---- Data to process
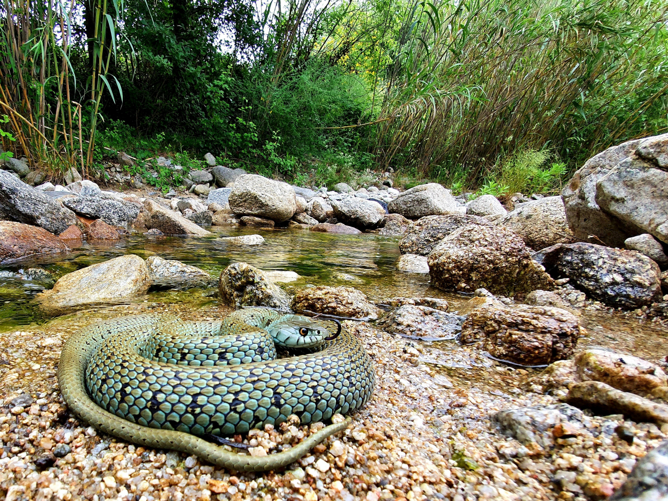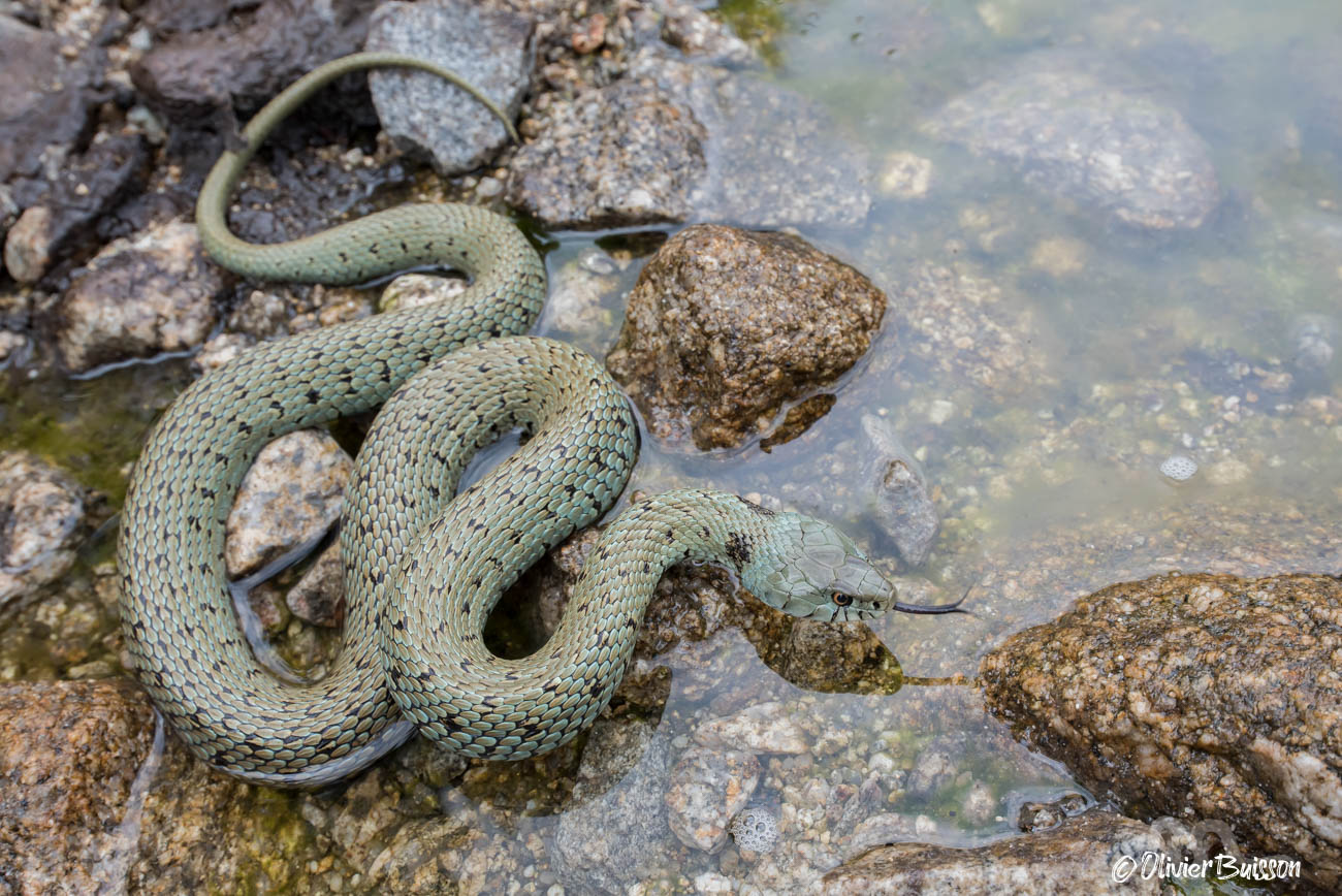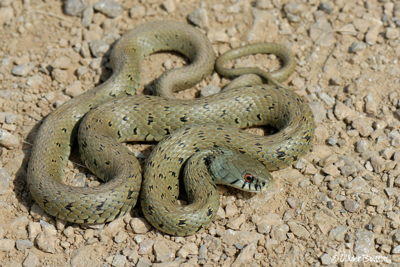 Signalons qu'il existe entre l'Ariège et l'Aude une zone de contact entre Natrix astreptophora et N. helvetica, où s'observent localement des individus hybrides (génétiquement attestés) qu'il est impossible d'attribuer à l'une ou l'autre espèce sur la simple base de critères externes.Attention aux confusions avec les jeunes de la Couleuvre verte-et-jaune (Hierophis viridiflavus) et de la Couleuvre d'Esculape (Zamenis longissimus), qui présentent également un motif en collier à l'arrière de la tête et passent donc très souvent pour de jeunes Natrix helvetica ou Natrix astreptophora.
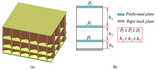 Figure 1. Triple-layer locally reacting liner: (a) Overall view; (b) Geometry of layers; p is perforation degree; h is height of resonant cavity.
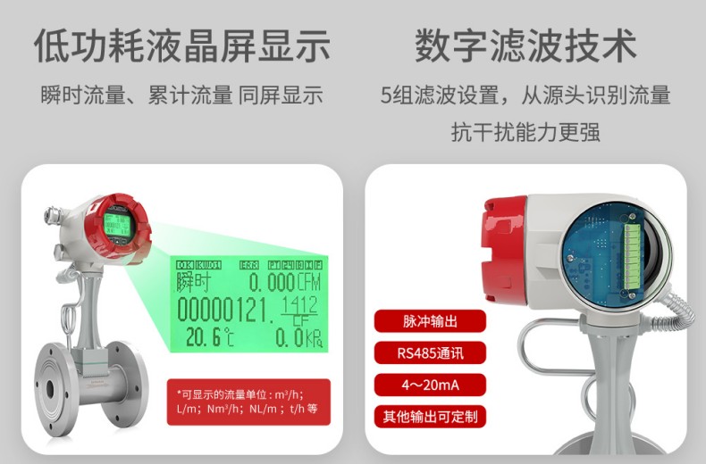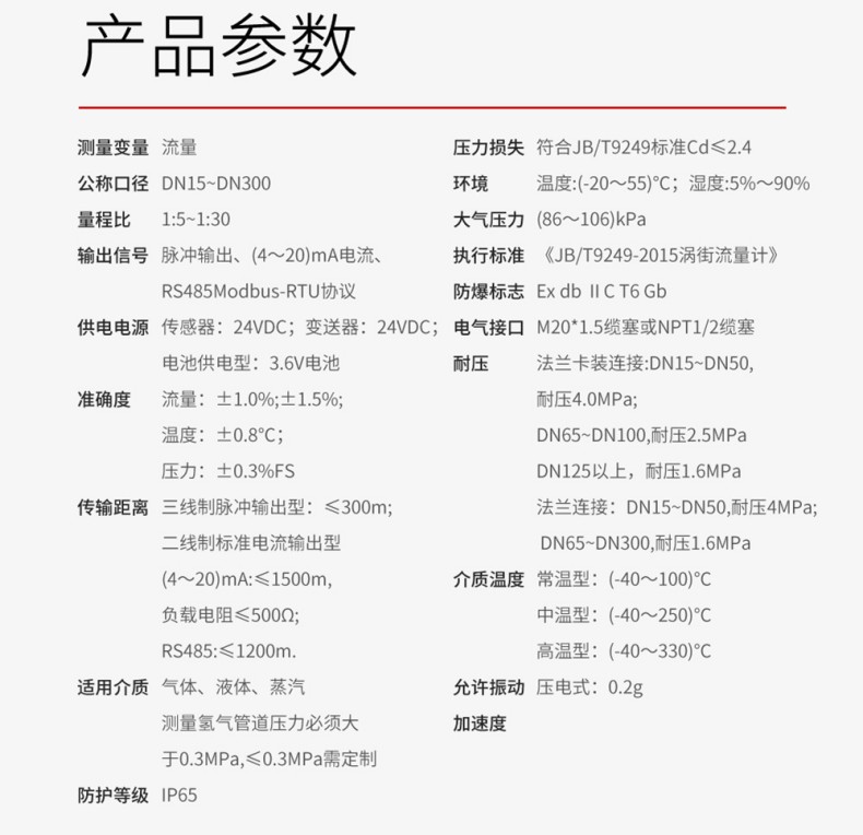 产品描述:LUGB 型涡街流量计根据选型不同可以实现以下功能:测量工业管道介质流体的温度、压力、瞬时流量和累计流量等参数,并具有脉冲输出、(4~20)mA 模拟信号出、RS485 通讯(Modbus RTU 协议)、物联网 GPRS 等功能。
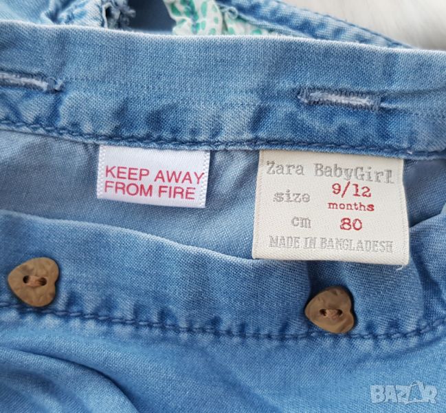 Дънков гащеризон ZARA 9-12 месеца по етикет, според мен е леко умален, по-скоро отговаря за ръст 74см. 6-9 месеца
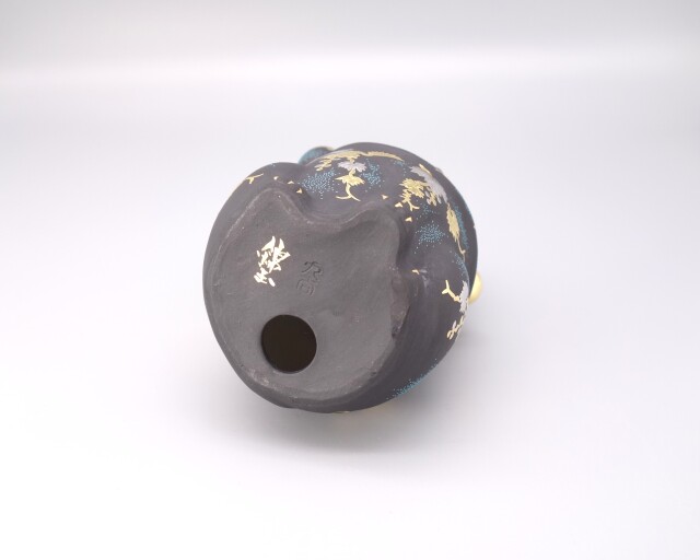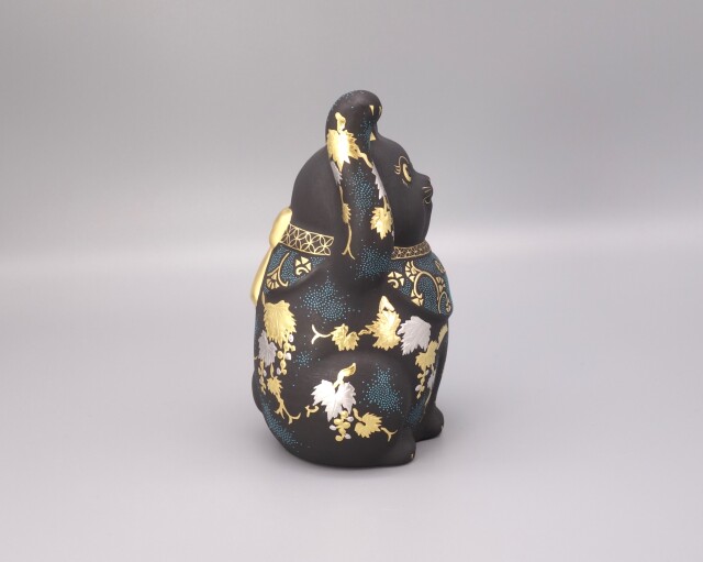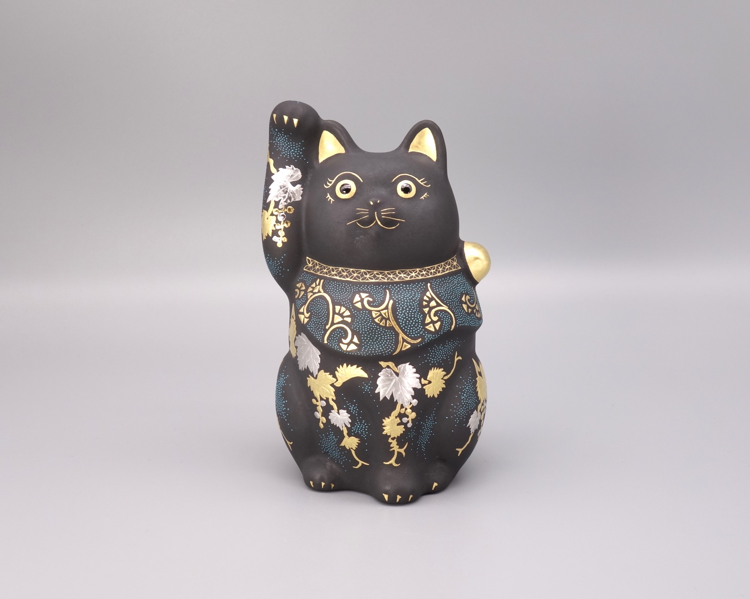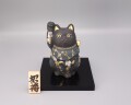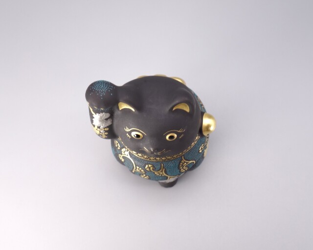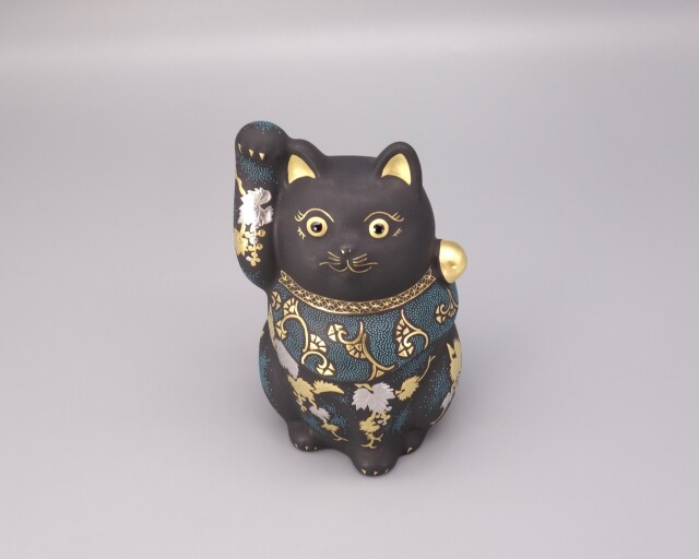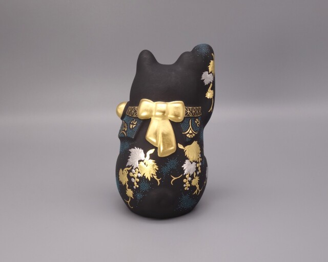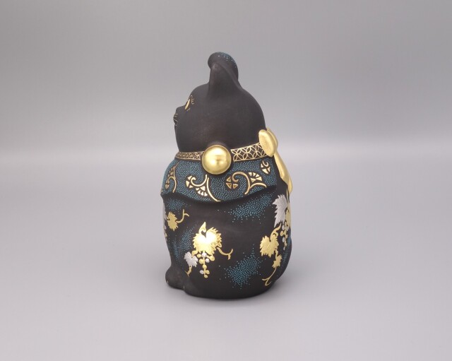 渦打青粒の名手 [ 三代 仲田錦玉 ] によって仕上げられた4.8号(高さ14cm)「招猫」です。 型で制作された素地に青黒地を施し、「葡萄」を金盛と白金(プラチナ)で描き、それらを引き立たせるように渦打青粒を絶妙なバランスで配しております。 また、右手を挙げており「金運・幸運を招く」と言われております。同じ形状で朱地もございます、並べて置くのもGOOD!! 縁起の良い 正に逸品です。 付属品 台・木札
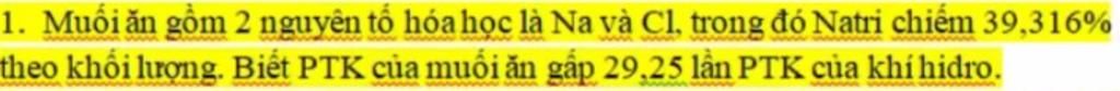 \% Na = \dfrac{{x{M_{Na}}}}{{58,5}} \times 100\% = 39,316\% \\
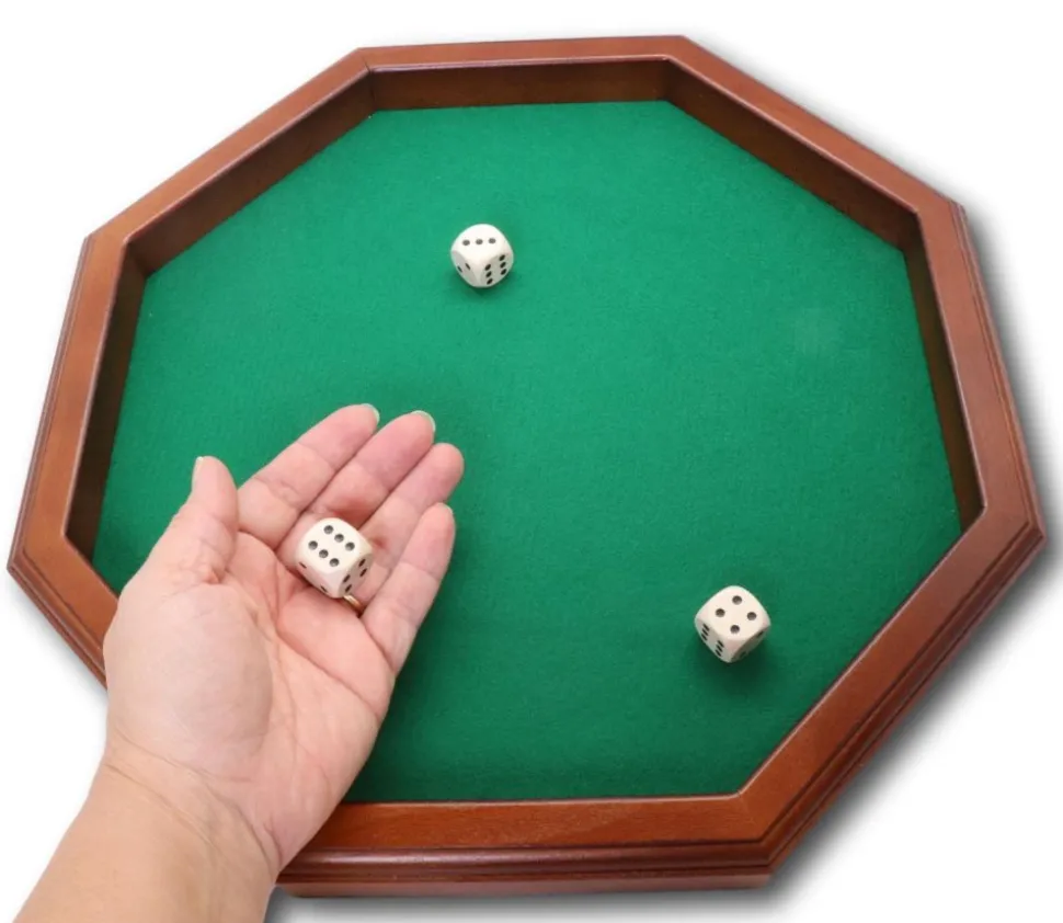 Piste à dés octogonale en tilleul verni et teinté de 38 cm de diamètre. L’intérieur de la piste est recouvert d’une feutrine verte, le dessous de la piste également. Cette piste pour jouer à de nombreux jeux de dés est livrée avec 3 dés de 16 mm en bois d’érable.
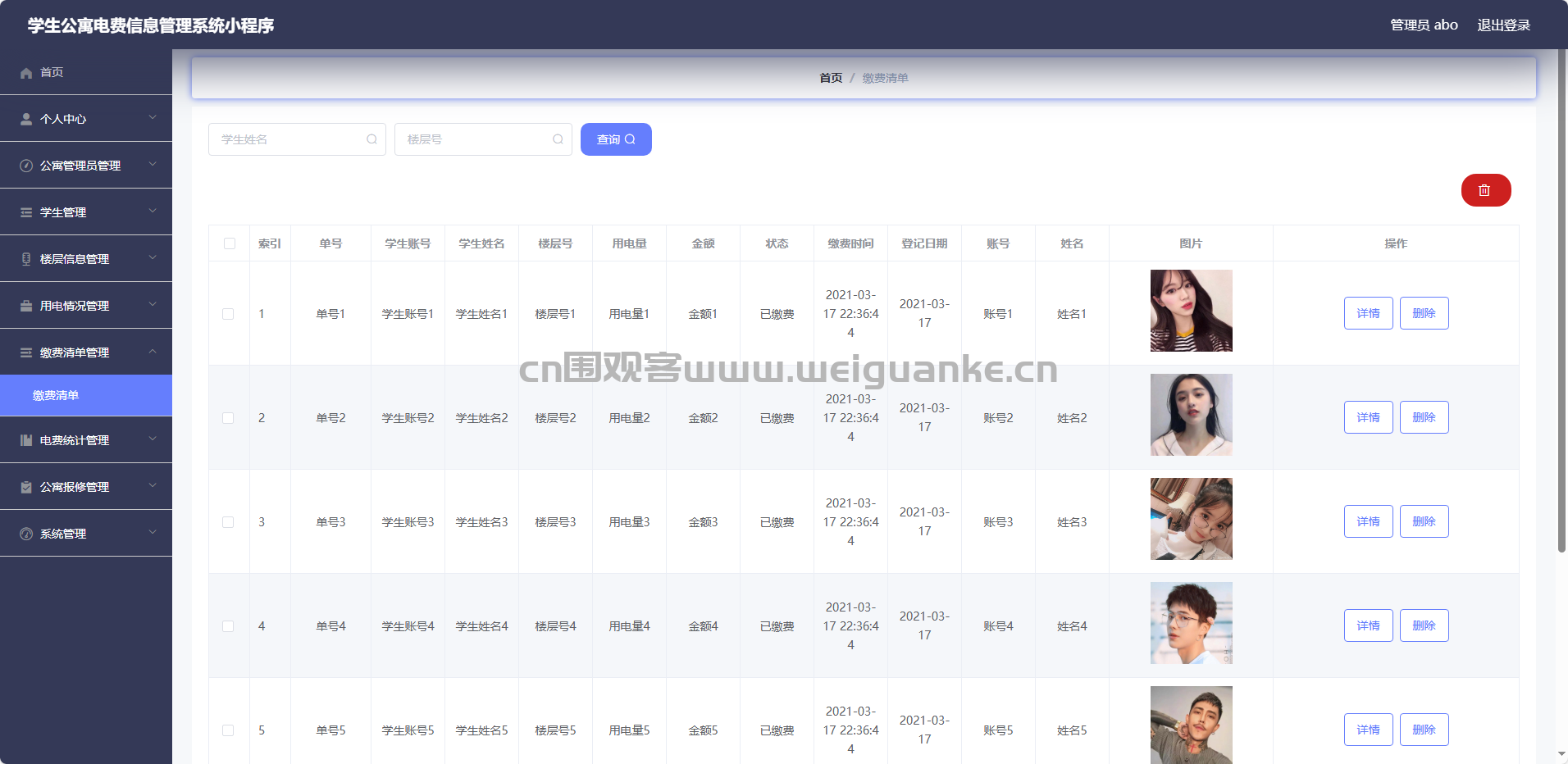 缴费清单管理:查看全校学生的缴费记录,统计缴费总额、未缴费人数等信息。可对缴费记录进行查询、导出操作。
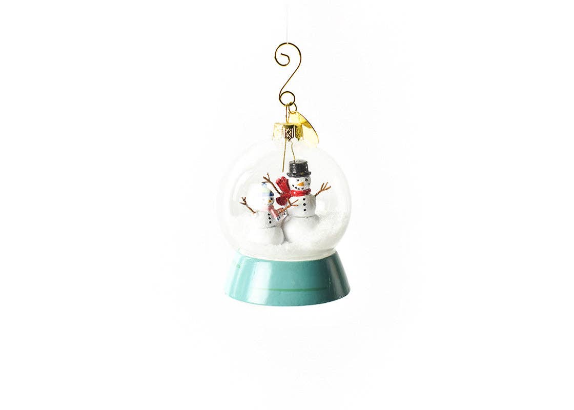 Look at Frosty go this season with our Frosty Snow Globe Shaped Ornament! This mint-green ornament captures the whimsical snowy scene of two smiling snowpeople wrapped in warm scarves and hats. Hang it on the tree with our signature gold swirl hook, or show it off around the house for everyday décor. Make magical memories with this happy ornament design.  Product Dimensions: 2.25inL x 3.5inW x 2.25inH
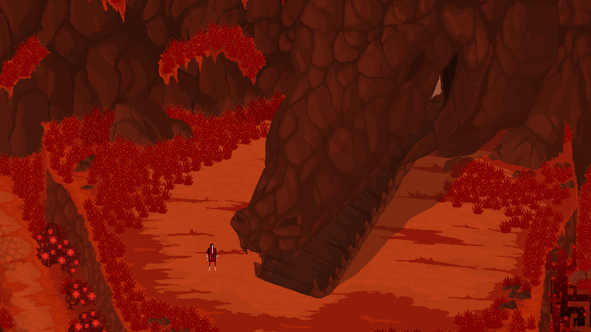 The woodlands, created by the Dawn Prince, are an amalgam of throbbing and tangled vegetation always in fire, irrigated by the great Willow's sap, as if it was a cardiovascular system. This scenery is at an early stage right now, details, objects and effects are pending.
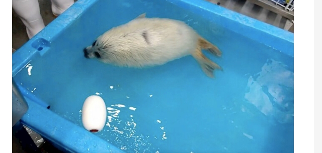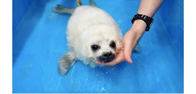 「アザラシなのに泳ぎが苦手? “初めての水”にくしゃみ連発…赤ちゃんアザラシの反応がかわいい」
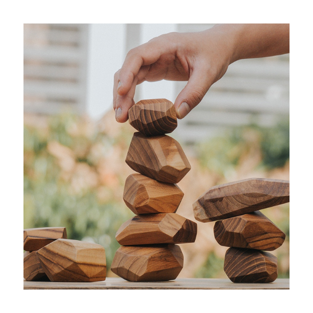 Tumi Ishi Balancing Rocks - Mixed Wood Species Balancing Blocks Natural Wood Toy Natural Color Handmade Wooden Toys - Caryln
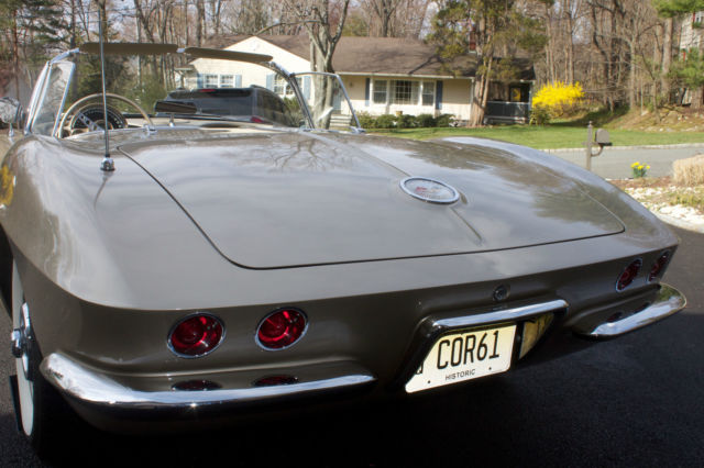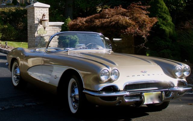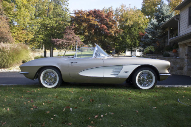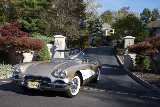 *RARE FIND* 1961 Fawn Beige /Urmine White Coves MATCHING NUMBERS ORIGINAL CORVETTE 283/245 HP HYDRAULIC LIFTER ENGINE WITH TWIN CARTER 4 BARREL CARBS RESTORED TO ORIGINAL CONDITION What makes this car a rare find is it was the last to roll off the assembly line in St louis (MO) in 1961,the last of the 283 small block and 2 tone coves,car represent the bookends of an era. Also out of 10939 cars it is 1 of 358 in this color scheme. Also meaning,there's a handful; of cars with this combination of options still in existence . Options: RPO 440 two tone paint (1 of 358 out of total production of 10,939 in Fawn Beige with Ermine White coves) RPO 290 wide whitewalls ( last year of wide whites) RPO 469 283 C.I./245 HP dual carbs (1 of 1,175 for 1961) RPO 685 Borg Warner T 10 4 Speed RPO 675 Posi rear 3.70:1 RPO 102 AM Radio RPO 101 Heater Fiberglass bonding stripes are all in original . Car is a true survivor and never been hit. Comes with original window documentation and book. Car was featured in the June 2008 edition of Corvette Fever Magazine.also one of 15 Featured in 2011 Corvettes @ Carlisle PA for the 1961 50th Year Anniversary of the 1961 model year (Judged at 95 points). History of Car Purchased in Sept 1961 in Ohio by James Norton who maintained and kept till turn of the century then was given to restoration expert in Philly and presented at auction to its second owner in 2007 , who meticulously maintained cars preservation and presented it in many award winning shows. Any serious buyers who are interest please call me at 973-980-3700
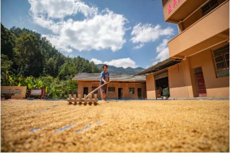 ▲10月3日,在重庆市酉阳土家族苗族自治县花田乡何家岩村,村民在晾晒水稻。新华社记者 黄伟 摄
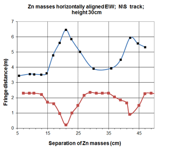 The spacing between the masses was increased in increments from 5 to 95 cm. At each increment the fringe was located using detector rods and the fringe distance measured.
--------
Directions
Set down exactly the lines above, from the line containing "100\% = 39,316\% \\" through the line containing "Look at Frosty". Skip the pictures.

Answer to this problem
 \% Na = \dfrac{{x{M_{Na}}}}{{58,5}} \times 100\% = 39,316\% \\
 Piste à dés octogonale en tilleul verni et teinté de 38 cm de diamètre. L’intérieur de la piste est recouvert d’une feutrine verte, le dessous de la piste également. Cette piste pour jouer à de nombreux jeux de dés est livrée avec 3 dés de 16 mm en bois d’érable.
 缴费清单管理:查看全校学生的缴费记录,统计缴费总额、未缴费人数等信息。可对缴费记录进行查询、导出操作。
 Look at Frosty go this season with our Frosty Snow Globe Shaped Ornament! This mint-green ornament captures the whimsical snowy scene of two smiling snowpeople wrapped in warm scarves and hats. Hang it on the tree with our signature gold swirl hook, or show it off around the house for everyday décor. Make magical memories with this happy ornament design.  Product Dimensions: 2.25inL x 3.5inW x 2.25inH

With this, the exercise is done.